▶ _Task to carry out_
Starting with the line that has "[x4 กล่อง] ซูเปอร์" in the records below and stopping after the line that has "Sidrap, Beritasidrap.com –", output every line exactly and nothing else; skip pictures.

Stored items:
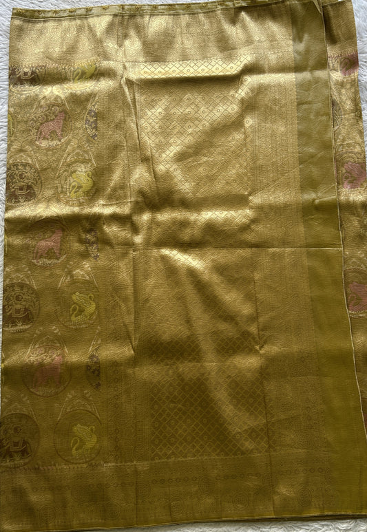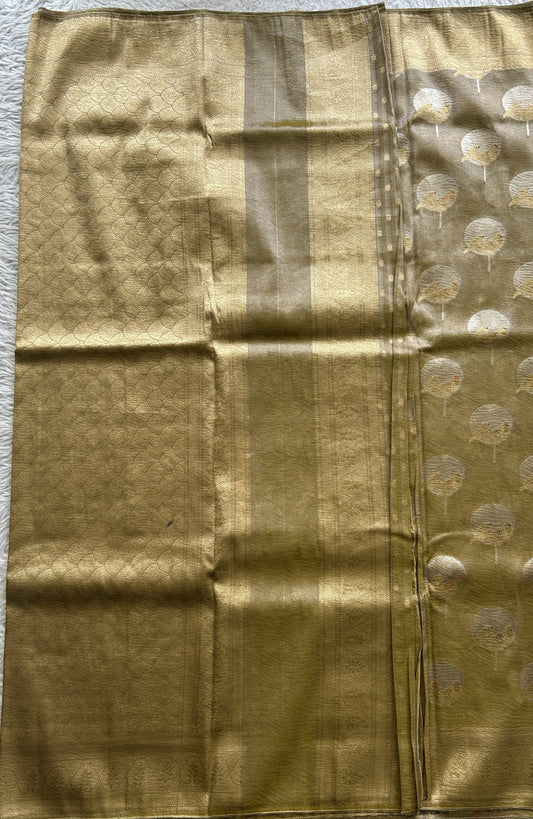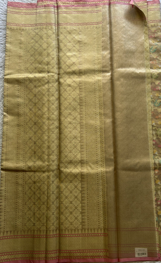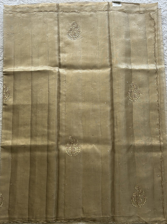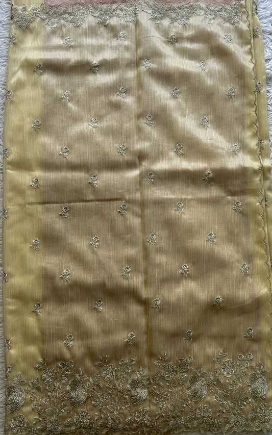 Tissue Organza Saree Gold Colored Elegantly Paired with a Zari Border.
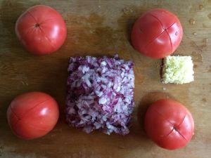 烧锅热水,同时大蒜切末,洋葱切细碎的小丁,番茄上划十字刀。
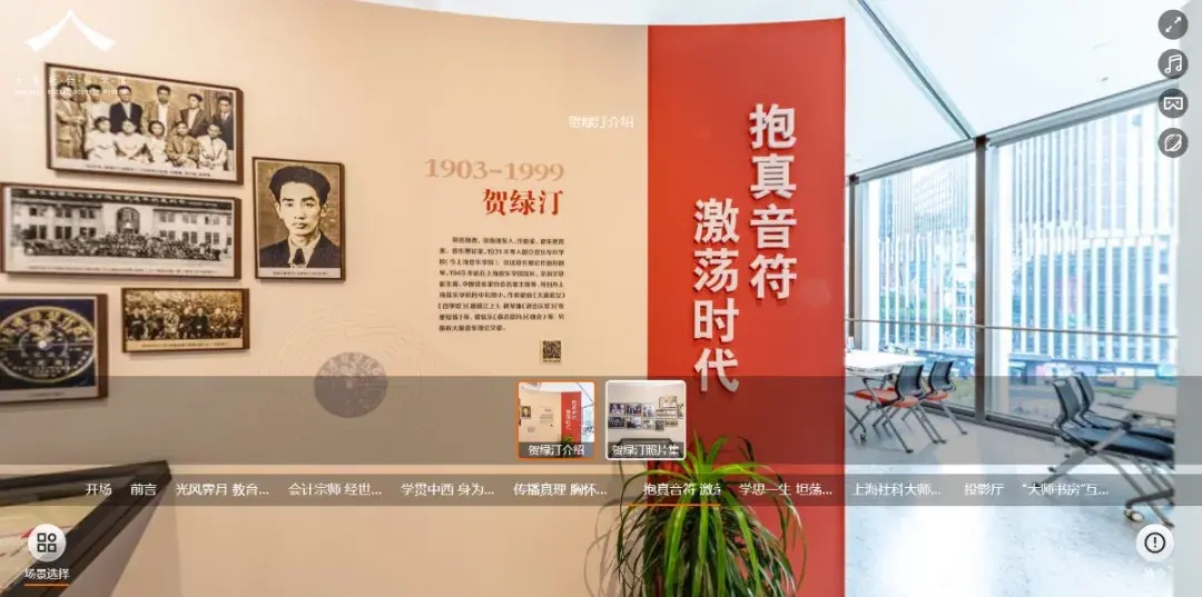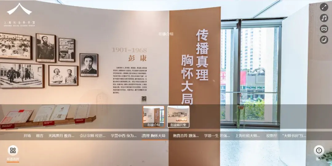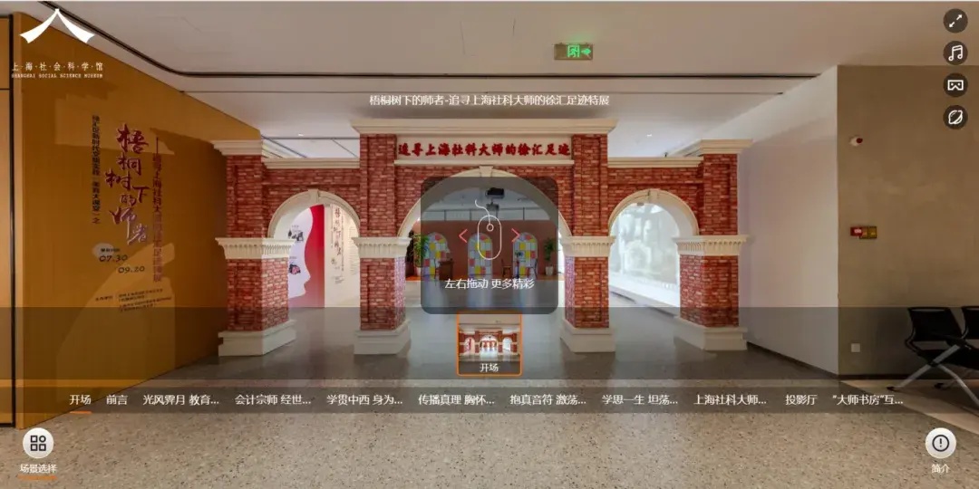 扫描识别下方二维码或点击https://www.720yun.com/vr/72bj55ma5k3,即可线上观看展览全部场景,沉浸式追寻上海社科大师的徐汇足迹!
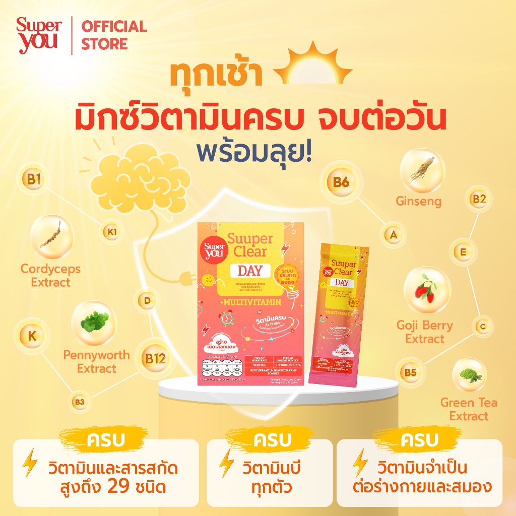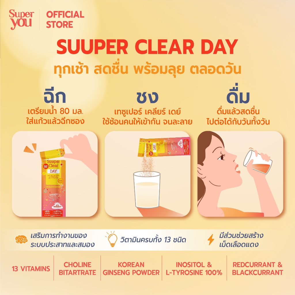 [x4 กล่อง] ซูเปอร์ เคลียร์ เดย์ (Suuper Clear Day) - (BRAIN+13 Multivitamin)
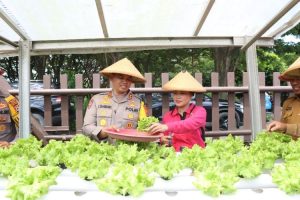 Sidrap, Beritasidrap.com – Kapolres Sidrap AKBP Fantry Taherong didampingi Ketua Bhayangkari Cabang Sidrap Ny. Dian Fantry meluncurkan Program Pekarangan Pangan Lestari (P2L)
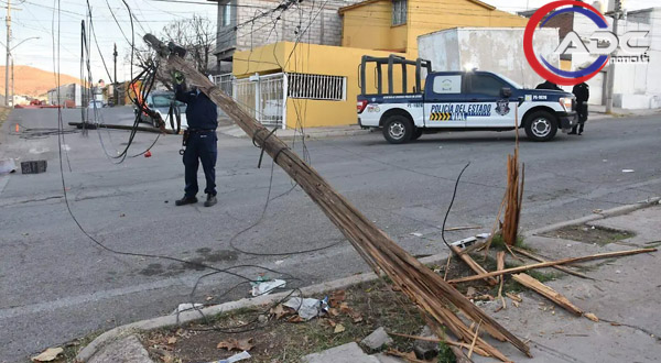Chihuahua, Chih.-Un tráiler derribó dos postes de una compañía telefónica y dejó sin servicio de internet a cientos de vecinos en la colonia Mármol 1, al sur de Chihuahua. El incidente ocurrió en el cruce de las calles Nueva Vizcaya y Misión Santa Bárbara, alrededor de las 04:00 horas de este viernes.
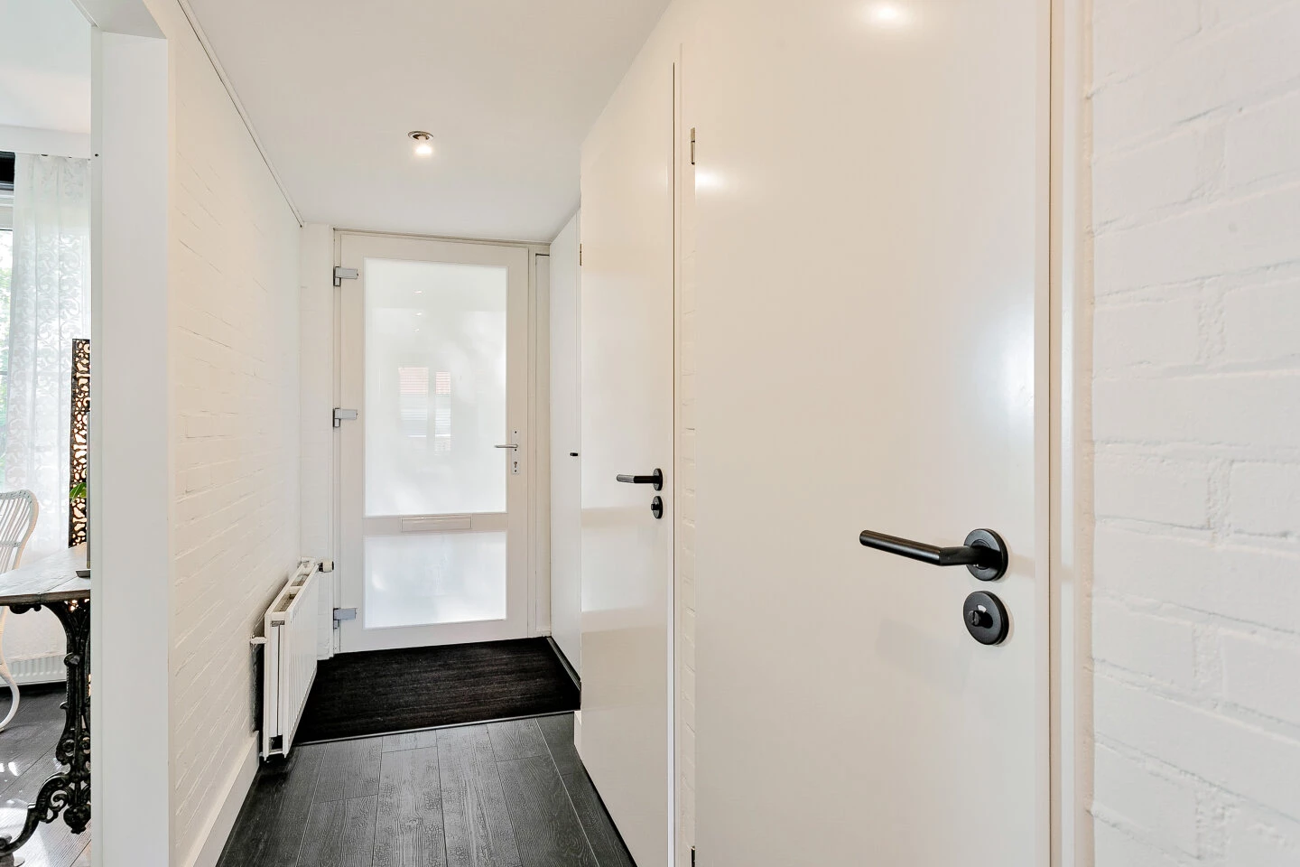 Via de hal kom je in het appartement, hier is een wasruimte met wasmachine aansluiting en de opstelplaats van de cv ketel. op de gang is het toilet, volledig betegeld en separaat van de badkamer.

▶ _Exercise output_
 [x4 กล่อง] ซูเปอร์ เคลียร์ เดย์ (Suuper Clear Day) - (BRAIN+13 Multivitamin)
 Sidrap, Beritasidrap.com – Kapolres Sidrap AKBP Fantry Taherong didampingi Ketua Bhayangkari Cabang Sidrap Ny. Dian Fantry meluncurkan Program Pekarangan Pangan Lestari (P2L)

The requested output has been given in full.